FGF-1 and TGF-β1 concentration after PAM treatment
To investigate if PAM inhibits cancer cell growth by affecting FGF-1 and TGF-β1, CL1–5 cells were cocultured with CAF cells and treated with PAM. Then 2 × 105 CL1–5 cells were cultured individually or cocultured with 1.5 × 105 CAF cells in a 24-well plate with polycarbonate cell culture inserts (Nunc, Thermo Fisher Scientific, USA). The individually cultured and cocultured cells were then treated with PRMI medium and PAM for 2 h. After replacing the medium and allowing another day of culturing, the FGF-1 and TGF-β1 concentration in conditioned medium was measured using a human FGF-1 ELISA kit (Thermo Fisher Scientific) and TGF β1 human/mouse uncoated ELISA kit (Invitrogen, Thermo Fisher Scientific, USA), respectively, via colorimetric reactions.
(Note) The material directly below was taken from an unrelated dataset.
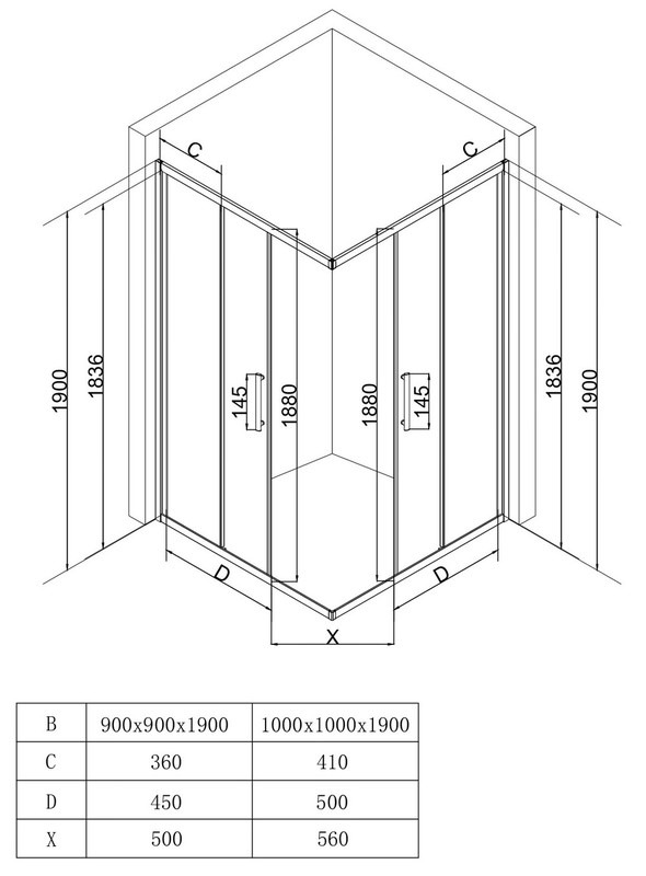 Душевое ограждение EvaGold EG220069 900х900х1900 мм, стекло - тонированное, 5 мм, профиль - чёрный матовый. Ширина входа 500 мм. Поддон приобретается отдельно.

We analyzed the differences between two groups using Student’s t test and the differences are considered to be statistically significant when P < 0.05.
OES of free NTAPPJ
The species in the postdischarge region of the free NTAPPJ and at the NTAPPJ–medium interface was analyzed based on the measured OES (Fig. 2). The spectrum revealed the emission intensities of RONS, including ·OH radicals, N2, and N2+, and of the activated Ar from working gas. The intensity of the ·OH-radical emission was significantly enhanced on the liquid surface, which might have been due to the dissociation of water molecules.
Measurement of RONS in solutions
Numerous studies have demonstrated that plasma exposure is effective at inducing apoptosis in a broad range of cancer cells while exerting only minor effects on normal cells43,44. The main factors underlying these effects are considered to be RONS such as ·OH radicals and ONOO–45. It is particularly interesting that indirectly treating cancer cells with PAM reportedly has similar effects to direct plasma treatments46,47, which may broaden the therapeutic application of plasma for therapies in the body. We therefore measured the concentrations of RONS in PAM in an attempt to understand the effects of the RONS dosage.
·OH radicals generated by NTAPPJ
·OH radicals play a key role in the plasma effects on cancer cells and are related to other plasma species that can influence cancer cells, such as ONOO– and O2– radicals45. Hence, we measured the ·OH radicals generated in the NTAPPJ-treated solution, based on the reaction with TA. The fluorescent intensities and images of the reaction product, HTA, were recorded as an OES and using a CCD camera (Fig. 3). In creasing the exposure time to NTAPPJ increased the 425-nm intensity, which revealed the accumulation of HTA increased with exposure time.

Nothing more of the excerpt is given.